The entire day focused on Clinton. Although both Bill and Chelsea Clinton attended the first time either appeared at a campaign event they did not speak.
Some of Clinton’s high-profile supporters flocked to the city for Saturday’s rally, too.
Well-known New York Democratic figures weren’t treating Clinton as their party’s presumptive nominee.
New York City Mayor Bill de Blasio didn’t attend the rally in his own backyard, saying he’s waiting for Clinton to present a “larger vision” for tackling income inequality.
Republicans, looking to seize on the media attention around Clinton’s event, bussed supporters north from Washington on Saturday morning, with many leaving at 5:45 a.m. They handed out information about Clinton, including red sunglasses that say “Stop Clinton” and “Shady.”
GOP presidential contenders, meanwhile, offered pre-buttals before Clinton even took the stage.
“Hillary Clinton’s re-launch of her campaign doesn’t change that her views are out-of-touch with mainstream America,” Wisconsin Gov. Scott Walker said in a statement.
“We don’t need Washington telling us what to do; we need to build the economy from the ground up with government getting out of the way,” he said. “Clinton would be a third term of Obama’s failed policies. Instead, we need new, fresh solutions.”
And the reception from liberal groups afterward noted her reluctance to attack Wall Street by name.
“This was mostly a typical Democratic speech much better than the direction Republicans offer America, but not the bold economic vision that most Americans want and need,” said Adam Green, the co-founder of the Progressive Change Campaign Committee, in a statement that perturbed Clinton staffers at Saturday’s event.
Meanwhile, Bill Hyers, a senior strategist for the presidential campaign of former Maryland Gov. Martin O’Malley who has positioned himself as a progressive alternative to the former secretary of state called Clinton’s platform “status quo thinking.”
“We need someone who can bring new leadership, strong progressive values, and a record of getting things done to the White House and that person is Martin O’Malley,” Hyers said in a statement.

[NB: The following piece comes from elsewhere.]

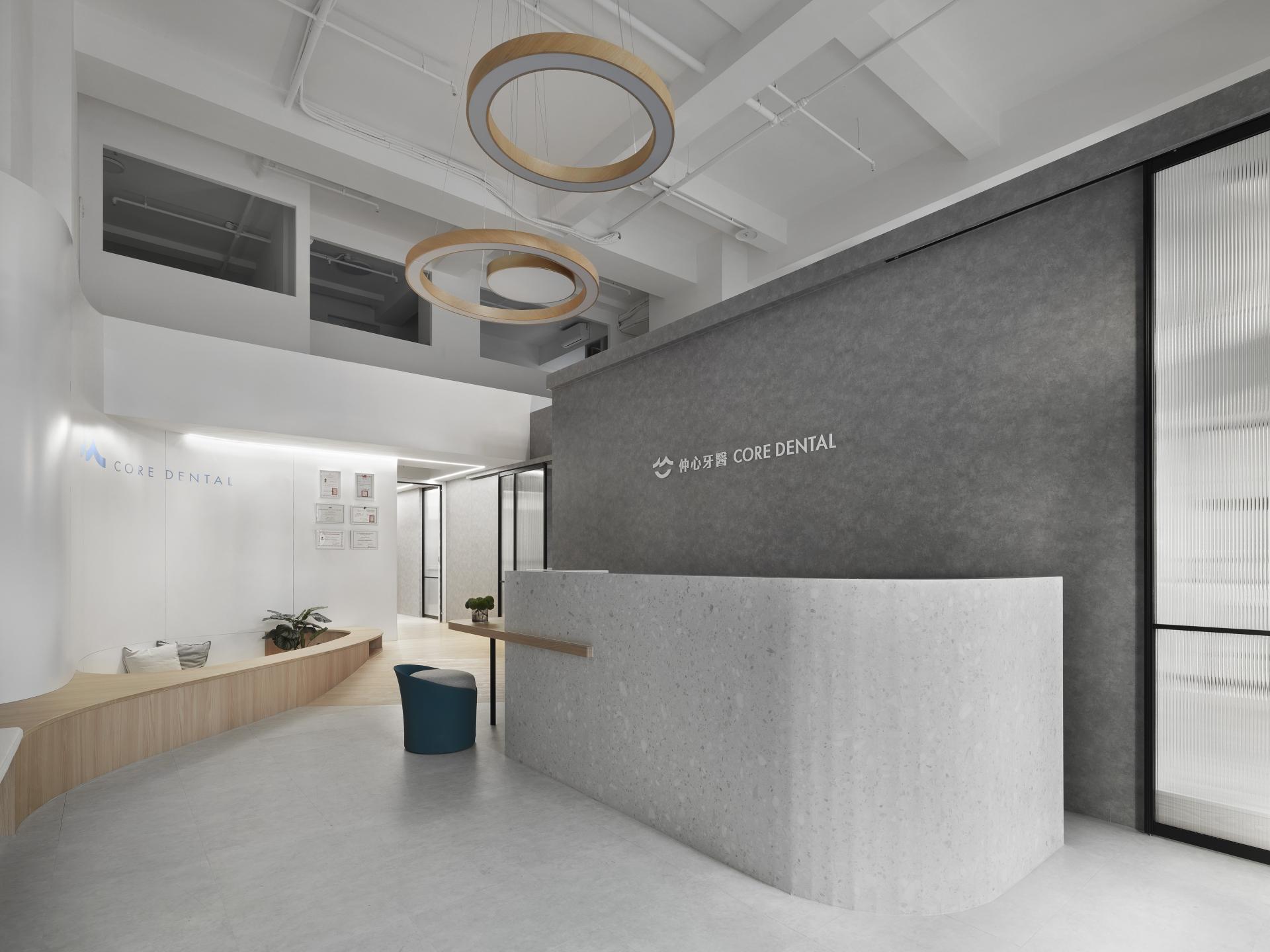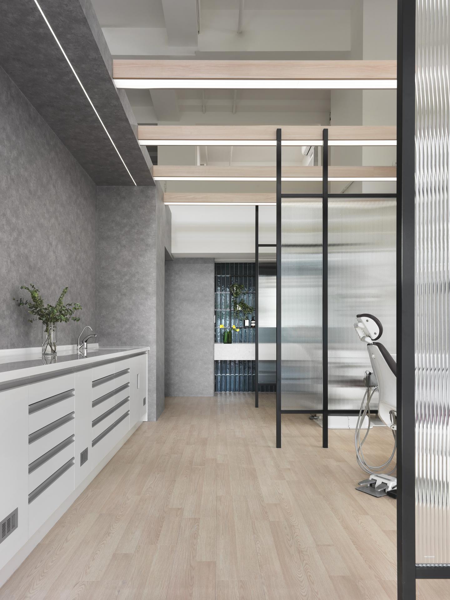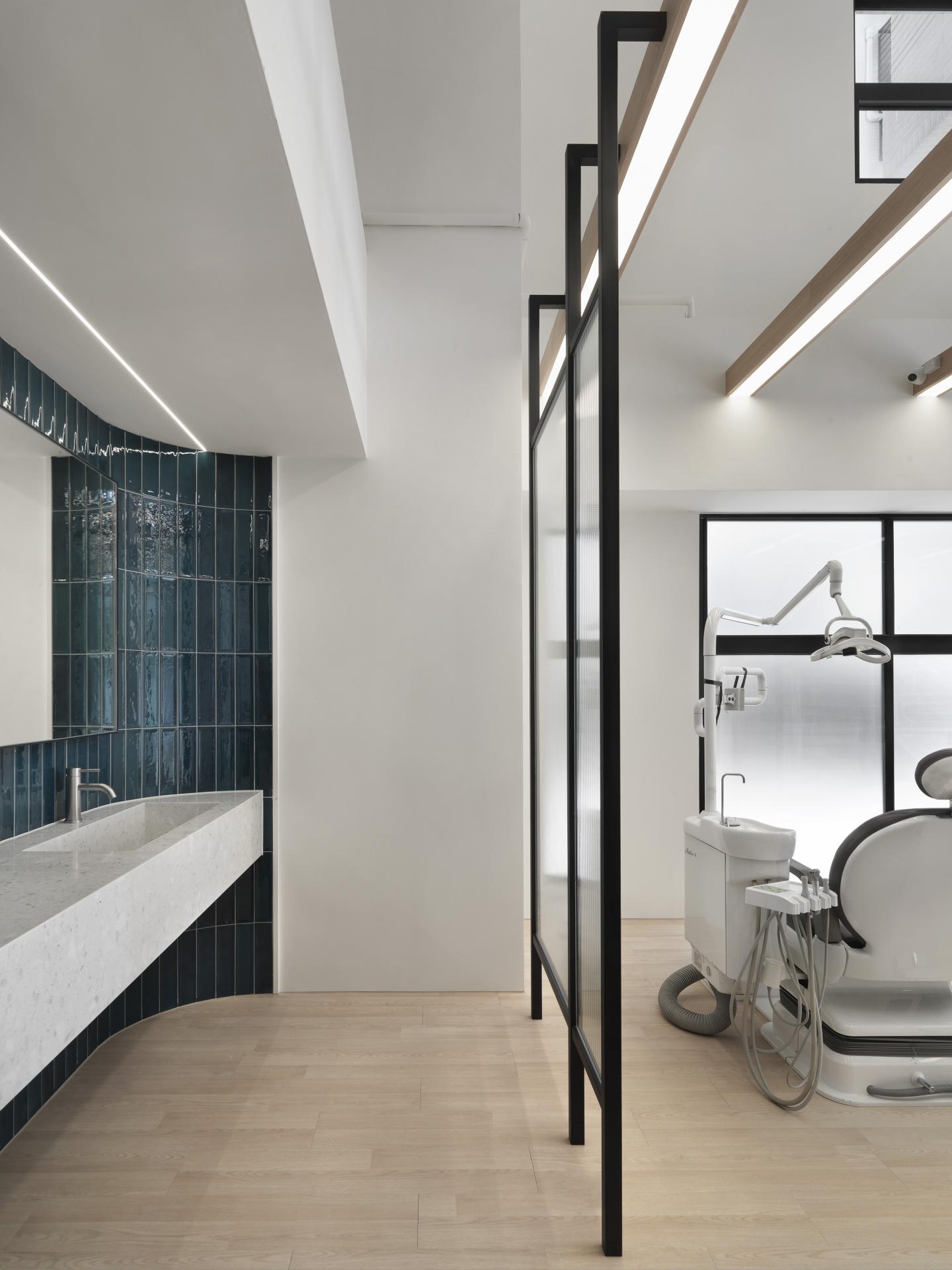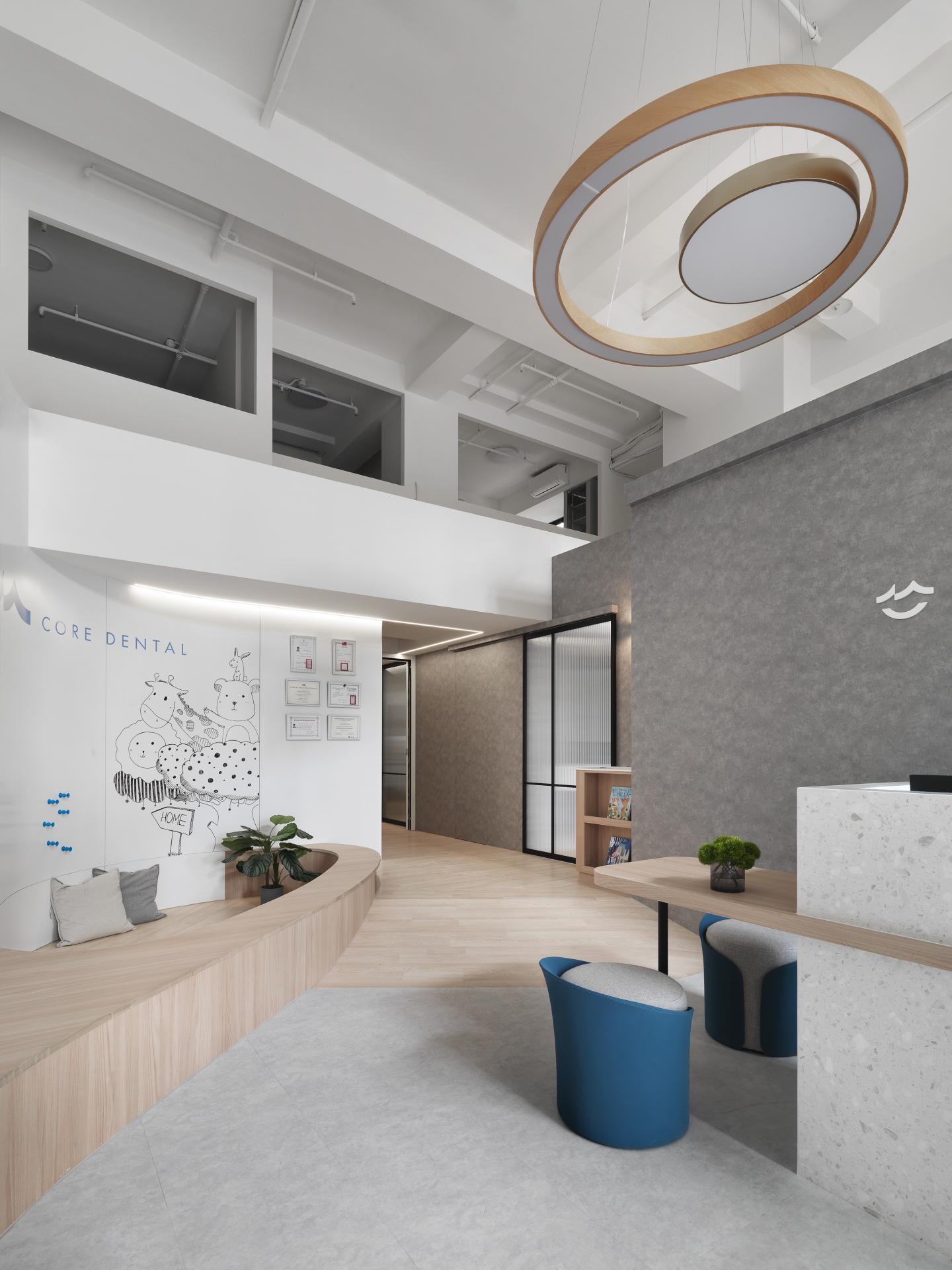 As people pursue a more worthwhile upgrade and optimization of living environment and medical care, the space planning of medical institutions is also inseparable from the experience of consulting a doctor. This case is a dental clinic in downtown Kaohsiung. The concept of "creating a perfect smile curve" creates a single-minded diagnosis and treatment experience for patients through a parent-child friendly space and people-oriented holistic treatment. It is located on the first floor of a high-rise mansion. The interior space combines the first floor and the second-floor mezzanine. From the lively street, you can see that the clinic signboard is based in blue. The large floor-to-ceiling windows form a very transparent facade, creating a bright and professional, welcoming atmosphere.

The campaign rally was largely organized by Greg Hale, a long-time Clinton aide, who grew up in DeQueen, Arkansas, and met the Clintons when he was young. He started doing advance work for Bill Clinton’s 1992 campaign and is the Clintons’ go-to person for staging events like Saturday’s.
The day’s 75-minute pre-program was filled with symbolic acts and speakers.
A drumline from Brooklyn, where the campaign is headquartered, performed, and Andrea Gonzales, a “Dreamer” from Houston also addressed the audience.
As attendees streamed into the rally, music from Clinton’s recently-announced Spotify playlist blared from large speakers. The playlist, which is intended to serve as the soundtrack for Clinton’s campaign, includes hits like Katy Perry’s “Roar” and Pharrell William’s “Happy.”
Hillary Clinton also joined Pericope, a live-streaming phone app, on Saturday. One of her newest campaign hires, famed Olympic skater Michelle Kwan, hosted Clinton’s Periscope stream of the event.
Hillary Clinton left Roosevelt Island after mingling with the crowd. She heads straight to Iowa for a series of events to organize supporters in early-voting states.
Bill Clinton, who will not go to Iowa or any other early state this week with his wife, mingled with the crowd 10 minutes longer.
After he shook hands and took pictures with a mother and her young daughter, the mother turned to her child.
“That is Hillary Clinton’s husband,” she said.
Despite a storm of recent controversies, Hillary Clinton’s popularity is proving durable among likely Democratic primary voters in New Hampshire, home of the nation’s first presidential primary election in early 2016.
Nearly nine of 10 Granite State Democrats who are likely to vote in the primary say they had either a “very favorable” or “somewhat favorable” opinion of Clinton, according to a new Bloomberg Politics/Saint Anselm New Hampshire Poll. The number, 86 percent, is virtually unchanged from her 88 percent favorability rating among Democrats last November and an 89 percent rating in February.
She also fares about as well as her husband, the 42nd president and a popular figure in U.S. politics, on a host of qualities, the poll found.
“She’s the best of what I’ve seen so far,” said poll respondent Bruce Bonnette, a 79-year-old retiree from Northfield, N.H. “And she’s got Bill to back her up.”
There are also signs that Clinton shouldn’t take her support for granted, particularly among the state’s independent voters. Even among Democrats, there is considerable skepticism about her truth-telling.
“I’m not that happy about the private e-mail server,” said Walter Hamilton, a 64-year-old Democrat and retired civil servant from Portsmouth, N.H., referring to Clinton’s use of non-official e-mail while she served as secretary of state. He also expressed concerns about allegations of impropriety over foreign donations made to the Clinton Foundation during that same time.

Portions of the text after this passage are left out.